5. Went to the park (22%): What's a summer without the outdoors? Frisbee, basketball, soccer - sports are my favorite way to unwind.

6. Went to a party (16%): Non-alcoholic parties, mind you! Even though I take my work seriously, it's important getting loose once in a while. Once a week I make it a habit of dropping what I'm doing and reminding myself that life isn't all about work.

7. Fixed someone's computer (11%): If you're decently educated with computers, don't make my mistake of revealing it to your relatives. Once you fix one problem for them, you'll be their go-to "computer genius" for all of their other tech issues. Play it safe, my friend.
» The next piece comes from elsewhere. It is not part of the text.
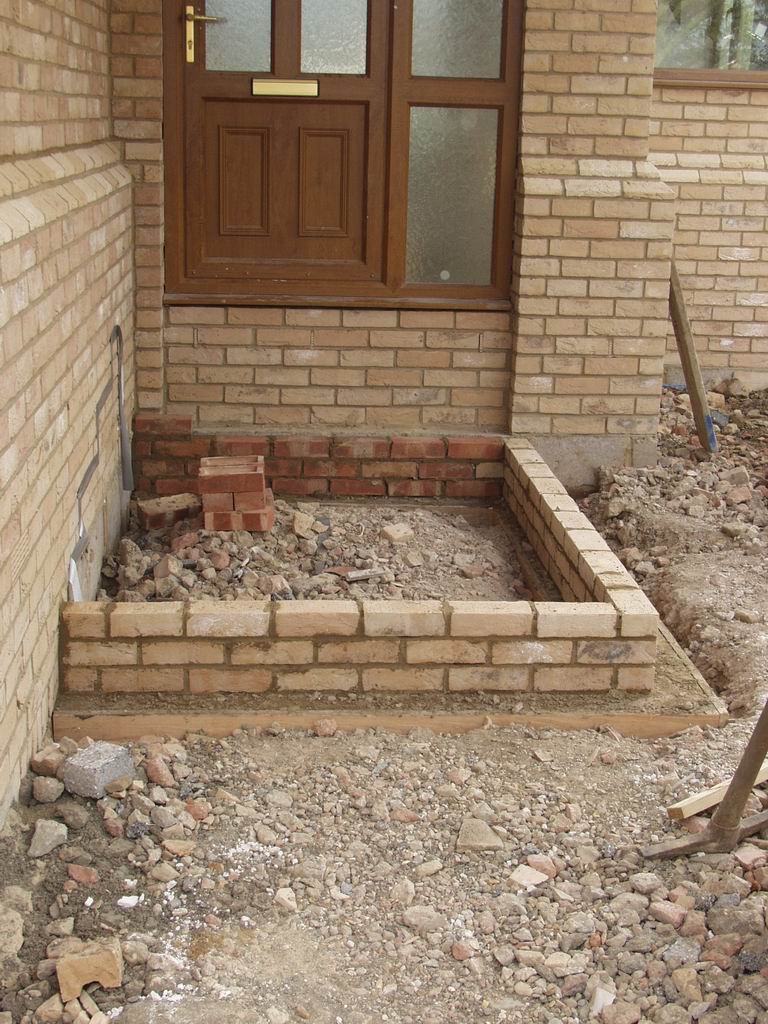 Steve tried his hand at some brickwork to form the steps up to the front door of the bungalow. The sloping site meant that there was quite some height to be made up. The Building Inspector gave us advice on the appropriate width, height and depth of each tread to comply with "disabled access" requirements.

I hope these statistics paint a clearer picture of me for you, and I look forward to our adventures together!

Sincerely,
<censored>

ZhoeK 5 / 157  
Dec 30, 2011   #2
Well I definitely thought this was a unique innovative way of doing an essay, definitely a risk. Hopefully the AOs will appreciate your wild side. HAHA. Just some suggestions:

"computer genius"

Maybe 'computer guru' instead.
Off-topic: This happens to me ALL the time with my grandma, I'm the computer + tv problem fixer.

I hope these statistics paint a clearer picture of me for you,

I dunno, for some strange reason I believe you can come up with something wittier to say here.

I consider myself a decent chef

Decent sounds kinda flat, how about 'I consider myself a devil of a chef' or whatnot, just not decent.

and learn from the experience!

Since you already say learn in this sentence, maybe spic it up 'and savour the experience'

I like the making a goal to do noteworthy things. I thinks its a pretty neat idea.

Hope this helps!
carochoi 3 / 22  
Dec 30, 2011   #3
Wow, this was an interesting read! I love how you took a unique approach to the roommate essay but incorporating statistics... haha. I don't know what I would change with this. Though this may look risky, I think the AO's would like this. Run this through a teacher or someone older to make sure they will understand everything.

If you have time, I would love for you to look at my Common App essay as well. Thanks!
SeniorMel 7 / 44  
Dec 30, 2011   #4
6. Went to a party (16%): Non-alcoholic parties, mind you well this is a given. you don't have to emphasize ! Even though I take my work seriously, it's important gettingto get loose once in a while. Once a week I make it a habit of dropping what I'm doingmy activities and reminding myself that life isn't all about work.
angelserenite 9 / 13  
Dec 31, 2011   #5
Okay, your note is definitely unique and original, but you need to add some more description. I enjoy some of your quips and comments because it makes your personality shine through. Good job with that.

Please check out my intellectual development essay for Stanford. Thanks :)
22kcox 5 / 22  
Jan 1, 2012   #6
wow! i really enjoyed this! statistics make it really interesting, just i don't know about the numbering format... i would really love your opinion on mine!